Central Park
- Interactive map of Central Park
- Location: Chauncey Street and Humber Way Hill District Pittsburgh, Pennsylvania
- Coordinates: 40°26′49″N 79°58′20″W﻿ / ﻿40.447072°N 79.972118°W
- Owner: Alexander M. Williams (1920-25) Sell Hall (1925)
- Surface: grass

Construction
- Opened: Summer 1920
- Demolished: 1925
- Architect: Louis Arnett Stuart Bellinger

Tenants
- Sell Hall’s American Giants (Ind.) (1920) Pittsburgh Keystones (NNL) (1921-1922)
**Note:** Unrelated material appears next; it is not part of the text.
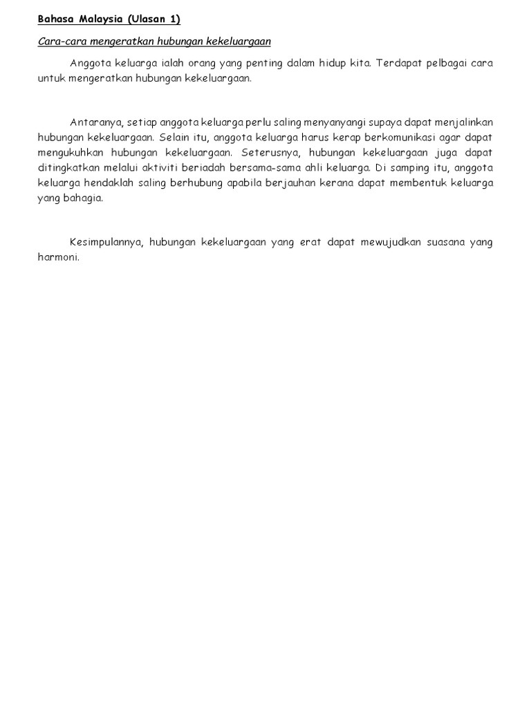 Cara cara mengeratkan hubungan kekeluargaan ulasan. Antara cara mengeratkan hubungan kekeluargaan ialah setiap anggota keluarga perlu saling menyayangi antara satu sama lain. Cara tahap asas untuk menulis ulasan bagi pelajar tahun 4 5 dan 6. Dengan 2 cara mengeratkan hubungan kekeluargaan yang unik ini pasti anda dan anak anak akan jadi lebih rapat dan mesra. Selain itu percutian bersama ini akan dapat mengeratkan hubungan kekeluargaan kerana dapat mencipta memori bersama orang tersayang.

= Central Park (Pittsburgh) =

Baseball venue in Pennsylvania, USA

Central Park was a baseball venue located in the Hill District of Pittsburgh, Pennsylvania, from 1921–1925. The stadium was the first black-owned, controlled and managed baseball park in the city.

The ballpark served as the home of the Pittsburgh Keystones of the Negro National League. Officially named Central Amusement Park, the field's construction was commissioned in 1920 by Keystones' owner Alexander M. Williams and was designed by the prominent African-American architect Louis Arnett Stuart Bellinger, who would later design Greenlee Field for the Pittsburgh Crawfords.

The ballpark was on a block bounded by Humber Way (north/northwest, third base); buildings and Junilla Street (northeast/east, left field); Hallett Street (southeast/south, right field); and Chauncey Street (southwest/west, first base). Across Humber were buildings and then Wylie Avenue. Well south of Hallett was a larger thoroughfare named Centre Avenue. Newspapers often gave the location as Wylie, Chauncey and Centre.

After the Keystones folded after their 1922 season, Williams lost his savings, and by 1924 he had sold the park to Sell Hall. Central Park was sold again and turned into a “summer dancing pavilion.”

In 2012, Central Park was denied an historical marker by the Pennsylvania Historical and Museum Commission. According to the Commission, the venue was seen as a local or regional interest rather than a national and the state already had several other markers commemorating the Negro leagues.

The ballpark site is now occupied by a public park.